Heck, it could even go higher than that.  If that happens, we will adjust the ratio of the spread to get closer to dollar neutral and look for a setup to get short on a reversal.  As you can see on the forty-year weekly chart, a ratio of 5:1 or higher does not come around very often.

Trade Strategy:

Buy back the short 50,000 lb. April feeder cattle contract and simultaneously sell short an August feeder cattle contract at the market-on-close on Tuesday, April 25th.  Also, sell the four 5,000 bushel May corn contracts and simultaneously buy four 5,000 bushel September corn contracts at the market-on-close on Tuesday, April 25th.  Risk the Aug-Sep feeder/corn (x4) spread to a two-day close above even money.

 

Copper/Crude Oil Spread: Watching For a Reversal

Looking to Reenter

Back on December 1st, the IMC blog entered a short position in the copper/crude oil spread at the equivalent of +$12,870 (premium copper), due to rollovers.

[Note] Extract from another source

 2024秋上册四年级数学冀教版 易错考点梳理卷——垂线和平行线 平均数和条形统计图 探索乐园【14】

September Copper Crude Oil spread daily

September Copper Crude Oil spread daily

The blog was last holding a May spread.  It was liquidated at the market-on-close on April 20th at +$13,280 (premium copper) because the crude contract was expiring.

We are now stalking the September copper/crude oil spread for a short sale.  The blog did not roll into the September contracts automatically because the spread tested support at the early February low last week and bounced.  The plan is to get into the spread only if it breaks the similar lows from early February and last week.

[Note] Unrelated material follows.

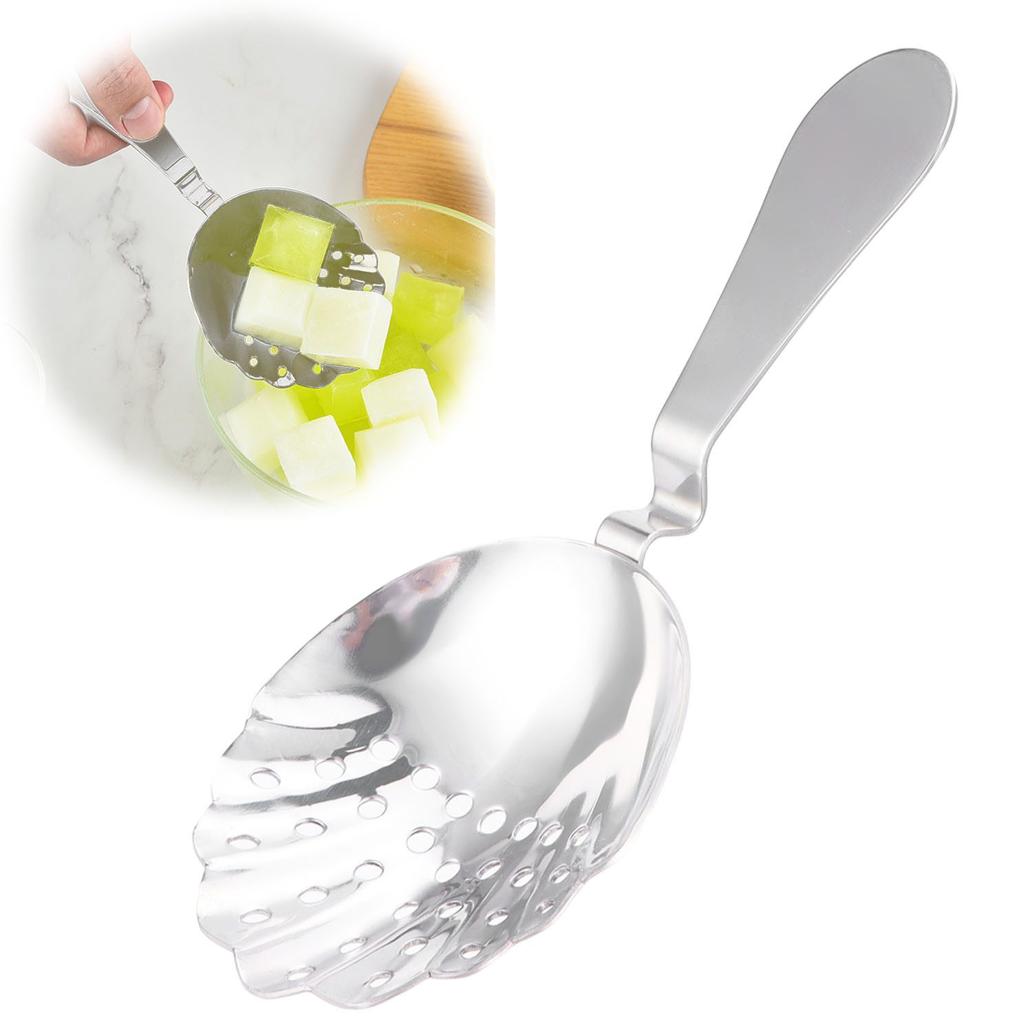 SURFOU Eislöffel Edelstahl-Barsieb Eislöffel Sieb Filter Barzubehör Perforierter Löffel (1 Stück), Barzubehör Zubehör Eiswürfel-Siebschaufel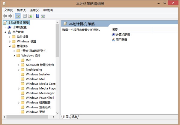 2、在Win8系统本地组上,展开“计算机配置”-“管理模板”-“Windows组件”;

Copper Crude Oil spread monthly

Copper Crude Oil spread monthly

Currently, it appears that the spread is headed for a test of the contract high that was posted just last month at +$17,882.50.  A breakout to new highs could push it right over the +$20k mark in a heartbeat.  If so, we will revise our short sale criteria.  History shows that this spread has been a good short sale after surpassing the +$20k level.

Trade Strategy:

Place a hypothetical contingency order to sell one September copper contract and simultaneously buy one September crude oil contract if the spread closes below +$10,000 (premium copper).  If filled, liquidate the position on a two-consecutive day close above the contract high that precedes the entry (currently at $17,882.50). 

If the spread closes above +$20,000, change the parameters to enter a short position if the spread closes below +$17,000.  If filled, liquidate the position on a two-consecutive day close above the contract high that precedes the entry. 

 

Live Cattle/Lean Hog Spread: Liquidate April and Monitor December

Exit Stage Right

The IMC blog is holding a short position in the April live cattle/lean hog (x2) spread entered at the equivalent of -3.10 (premium hogs).  The trade was initiated on October 12th and rolled several times.

The April spread is trading around -1.50 (premium hogs) this morning and it needs to be liquidated as the contracts are about to expire.  Unfortunately, the June spread is trading around -32.00 and the August spread is trading around -38.00.  Due to the significant price discount of the summer spreads, it does not appear to be a lucrative trade.

December Live Cattle Lean Hog (x2) spread daily

December Live Cattle Lean Hog (x2) spread daily

The December live cattle/lean hog (x2) spread is trading at a more reasonable price of -11.50 (premium hogs), but it recently broke out to multi-month highs.  Therefore, our plan is to liquidate the April spread and wait patiently to see if a short sale setup might materialize in the December spread.

Trade Strategy:

On the hypothetical short April live cattle/lean hog (x2) spread entered at -3.10 (premium hogs), exit at the market-on-close on Wednesday, April 12th.